I just watched this Harry Potter movie marathon, which gave me a mighty need to write some fan fiction for Professor Snape, my favorite character of the series. This is my first attempt at writing for him, so I hope I do a decent job of it.
And of course, Snape, Luna, and anyone or anything else mentioned in this story is property of J. K. Rowling, the author of the only books I ever really enjoyed reading.
The Merits of Idiots
It was surprising how many idiots there were in the world. On second thought, he took it back. That didn't surprise him at all.
Professor Snape, or Severus Snape to his friends and colleagues, the former of which he had none, and the latter of which he had more than he wanted, was currently bent over the desk in his office, a dimly lit room which held the same biting chill as the rest of the dungeons and which many believed would have continued to do so had his office resided in the heat of the Hogwarts kitchens simply because of the man who occupied it.

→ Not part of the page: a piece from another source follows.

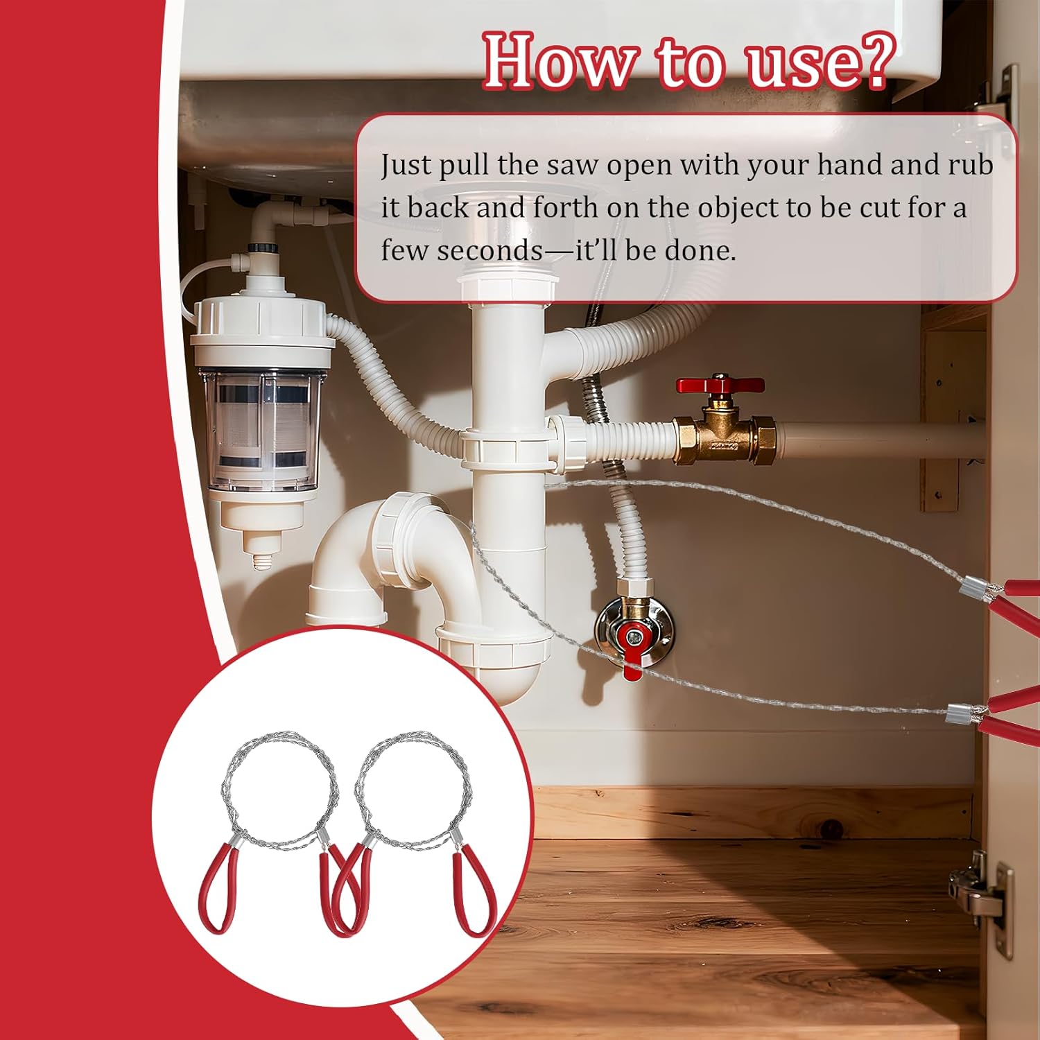 Effortless Operation:Loop the cable around your target, grip the handles, and pull—no expertise needed. The sharp, flexible wire slices through wood, PVC, or rope smoothly. Ideal for high limb rope saw tasks or emergency cutting—simplify tough outdoor jobs with ease.
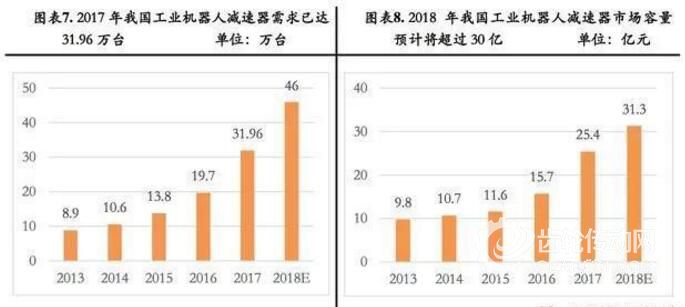據高工產研機器人研究所數據顯示,2017年中國工業機器人減速器新增需求量達31.96萬臺,同比增速超62.23%;預計2018年中國工業機器人減速器需求將超過40萬臺,市場容量將超過30億元。

He was unfazed, however, by what was implied by such accusations. He preferred the cold. It kept him alert and more able to conjure up, pun most certainly not intended, his infamously snide retorts far quicker than those lazy Gryffindors who were made lethargic way up in the warmth of a tower as lofty as their swollen egos.
Now, if you had asked the Potions Master just what it was he was busy with, you wouldn't need one of Professor Trelawney's sporadic predictions to know with absolute certainty that you would be leaving his office with a wounded pride, detention, or lost points, though most likely all of the above. It was none of your bloody business, end of story.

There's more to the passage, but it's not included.